We are looking at building an on-site bulk salt storage. And are looking to see what other people use. We have concrete barriers that are 8' long 4' tall that we use for rock but the bottoms are flared about another foot and we would really like to use these. Also should it be fenced in? Pictures would be great!!


----------



## TurfSolutionsMN (Dec 12, 2007)

Come on someone out there has to have some ideas!!


----------



## carl b (Dec 28, 2006)

use the search . you will find threads like this 
http://www.plowsite.com/showthread.php?t=70914&highlight=mafia+blocks


----------



## Mike S (Feb 11, 2007)

Those barriers would work good! Sea containers is what is used by every one I know. I use the 2x2x3 concrete blocks at my shop.
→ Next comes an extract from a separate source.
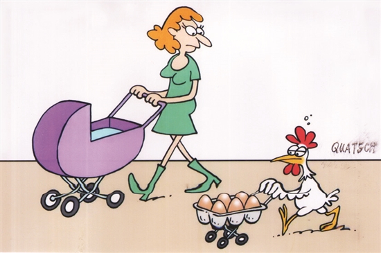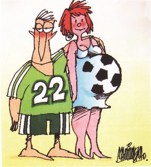 足球健将的妻子怀孕了,隆起的肚子与皮球惟妙惟肖,夫妇俩多么期待新生儿能成为童星,长大接替爸爸拼搏在绿茵场上。

I like them because we can change the bin around as needed.


----------



## TurfSolutionsMN (Dec 12, 2007)

I think i'm going to get a sea container I found a 20'x8'x8.5' for $2100 delivered is that a good price?


----------



## Mike S (Feb 11, 2007)

Doesnt sound bad, ive seen them for $1200 no delivery.


----------



## JohnnyRoyale (Jun 18, 2006)

Is this what you're looking for?

http://www.plowsite.com/album.php?albumid=115&pictureid=994


----------



## Mick76 (Aug 2, 2009)

I paid $2300 delv for mine, same size as you mention above..... Im using it to store my salt.... I'm also in the process of making a sand/salt "bin" with the same 2x3 blocks as mentioned above behind the container to store the mix....(I've got customers that want both,.... pita) Just last week I was able to get 30 ton of bulk salt in the container (that was packed, I'm ordering 25 next time to have alittle easier time loading it) ....took about 1 1/2 hours to do with the skid


----------



## s_melchi (Feb 12, 2008)

What do you estimate the life of the container to be with the salt inside. I own a Line-X spray on bedliner store. If I bought one do you think it would be worth spraying the inside? Or just buy a new one when the first one goes to hell?
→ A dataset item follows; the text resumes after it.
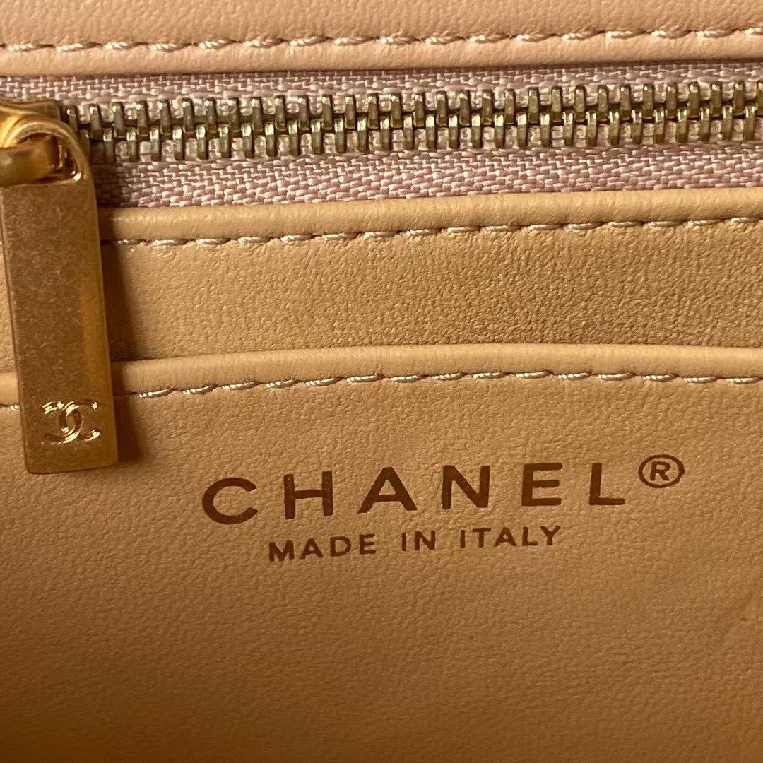 Chanel 23S AS4041 Mini Camellia Embossed Rectangular Flap Bag Antique Gold Metal Hardware Apricot

I have been thinking about selling bulk salt but never thought I had the space to store it. A shipping container would work great because I have limited space.


----------



## zeek (Oct 11, 2009)

I think as far as the container goes that you wouldn't want to waste the line-x on it, the skid will tear the crap out of it unless your super careful. Unless you put in 2x6 planks around the bottom so the bucket doesn't hit the wall, but it sure would last a long time. I line-x everythig I can, it's the best.


----------



## s_melchi (Feb 12, 2008)

We spray all the metal parts on most of the salt spreaders that leave our shop. It's an easy upsell for any one that has tried to keep a salt spreader looking decent. 

Good point on the inside of the container. I am not sure why as a Line-X dealer I didn't think of that. DUHHH!!


----------



## zeek (Oct 11, 2009)

s_melchi;842680 said:


> I own a Line-X spray on bedliner store. If I bought one do you think it would be worth spraying the inside? .


then.....


s_melchi;842680 said:


> I am not sure why as a Line-X dealer I didn't think of that. DUHHH!!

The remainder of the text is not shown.